Tomato Recipes


From Joanne Weir's You Say Tomato,
published by Broadway Books

Uncooked Tomato or Pasta Sauce
Delicate fresh no-cook tomato sauces like this one are a perfect foil for fresh poached shellfish tossed with spaghetti, linguine, or fettuccine. Makes about 3 cups.

  • 3 large ripe red or yellow tomatoes, diced
  • 1 garlic clove, minced
  • 2 tablespoons chopped fresh basil
  • 1/2 small red onion, diced
  • 2 tablespoons balsamic vinegar
  • 1 tablespoon chopped fresh flat-leaf parsley
  • 1 tablespoon extra virgin olive oil
  • Coarse salt and freshly ground black pepper to taste

    Place all of the ingredients in a large bowl and mix together. Leave at room temperature for at least 2 hours before serving. Use the sauce the same day that you make it. Refrigerate but bring to room temperature before serving.
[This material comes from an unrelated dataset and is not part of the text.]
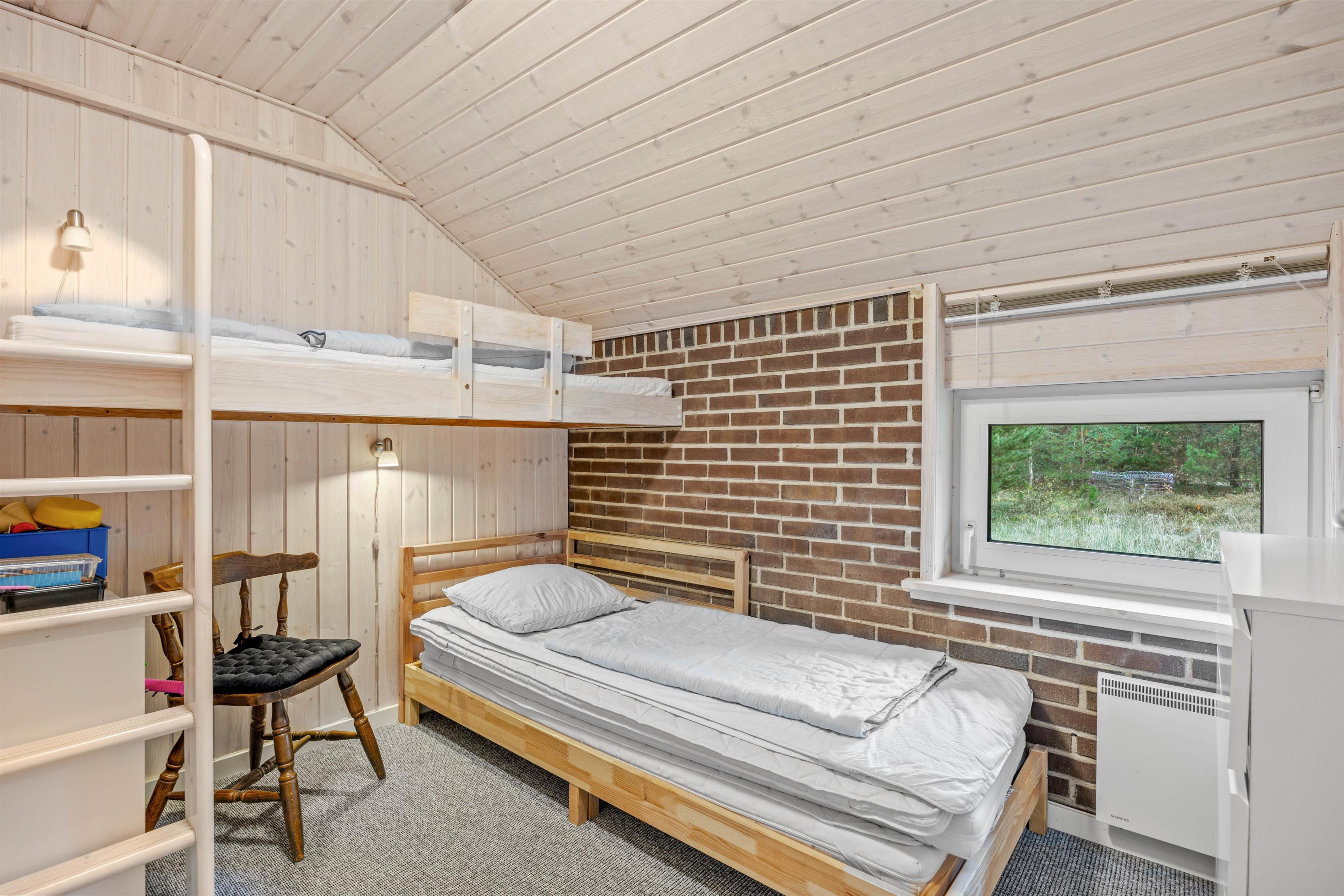 Det rustikke sommerhus i Ho har plads til op til 6 personer og er dermed egnet til familier eller mindre vennegrupper. Huset har 3 soveværelser - det ene med en enkeltseng, de 2 øvrige med dobbeltsenge, og som en ekstra fordel kan enkeltsengen trækkes ud til en dobbeltseng, så I får lidt mere soveplads.

    Grilled Bread with Tomatoes and Olive Oil
    In every village in Spain, they make a simple tapa called "pan con tomate", bread with tomatoes. Thick slabs of country-style bread are toasted over a wood fire until lightly golden. Then tomato halves are smeared all over the toast, leaving the seeds, juice, and pulp, and the bread is rubbed with garlic and fruity Spanish olive oil. As an optional garnish, thin slices of Manchego cheese can be added. Manchego cheese is a sheep's milk cheese available in many well-stocked cheese shops. Also Spanish olives, anchovies, or Spanish ham or prosciutto make a nice garnish. Serves 6.

  • 2 garlic cloves
  • Coarse salt
  • 1/4 cup extra virgin olive oil
  • Twelve 3/4-inch-thick slices country-style bread
  • 6 very ripe red tomatoes, halved
  • Freshly ground black pepper

    Optional garnish, choose one or a combination:
  • 1/2 cup green Spanish olives
  • 12 anchovy fillets, soaked in cold water for 10 minutes, drained, and patted dry
  • 6 paper-thin slices Spanish ham or prosciutto
  • 12 paper-thin slices Manchego

    Preheat the broiler or an outdoor grill. In a mortar and pestle, mash the garlic with a pinch of salt. Mix in the oil.

    Broil or grill the bread until golden brown. Cup a tomato half in your palm, rub both sides of one toast with the tomato, squeezing slightly as you go to leave the pulp, seeds, and juice. Repeat with the remaining tomatoes and toasts. Drizzle the olive oil over one side of the toasts and sprinkle with salt and pepper. Serve immediately, with the optional garnishes, if desired.

    Tomato Upside-Down Spice Cake

    This old-timey tomato cake is one my great-grandmother used to make with heirloom tomatoes from her garden. Much ahead of her time, she didn't know that the tomatoes she grew would be chic one hundred years later. Serves 8 to 10.

    Topping:
  • 4 tablespoons unsalted butter
  • 1/4 cup packed brown sugar
  • 2 teaspoons grated fresh ginger
  • 2 small ripe red tomatoes, peeled, seeded, and thinly sliced

    Cake:
  • 1 1/2 cups all-purpose flour
  • 2 teaspoons baking powder
  • Large pinch of salt
  • 1 teaspoon ground ginger
  • 1/2 teaspoon ground cloves
  • 1/4 teaspoon ground cinnamon
  • 1/4 teaspoon ground mace
  • 8 tablespoons (1 stick) unsalted butter, at room temperature
  • 3/4 cup sugar
  • 1/2 cup molasses
  • 2 large eggs, separated
  • 1 teaspoon vanilla
  • 1/2 cup milk
  • 1 cup heavy cream
  • 1 tablespoon confectioners' sugar
  • A few drops of vanilla

    Preheat the oven to 350 F. Butter a 9-inch round cake pan. For the topping, melt the butter, brown sugar, and ginger in the cake pan over medium-low heat. Cover with a single layer of the tomato slices. If you have more tomatoes, reserve for another use.

    For the cake, sift the flour, baking powder, salt, ginger, cloves, cinnamon, and mace together. Cream the butter and sugar together in a large bowl. Add the molasses, then add the egg yolks one yolk at a time, beating well after each addition. Add the vanilla and mix well. Add the milk alternately with the dry ingredients, beating well after each addition.

    Beat the egg whites until stiff. Fold the whites into the cake batter. Spread the batter over the tomatoes and bake until a skewer inserted into the center comes out clean, 45 to 50 minutes.

    Let the cake cool for at least 15 minutes, then run a knife around the edges of the pan to loosen it. Turn the cake over onto a serving platter and let it sit, still in the pan, for another 5 minutes. Remove the pan.

    To serve, whip the cream and flavor with the confectioners' sugar and vanilla. Cut the cake into wedges and serve the cream on the side.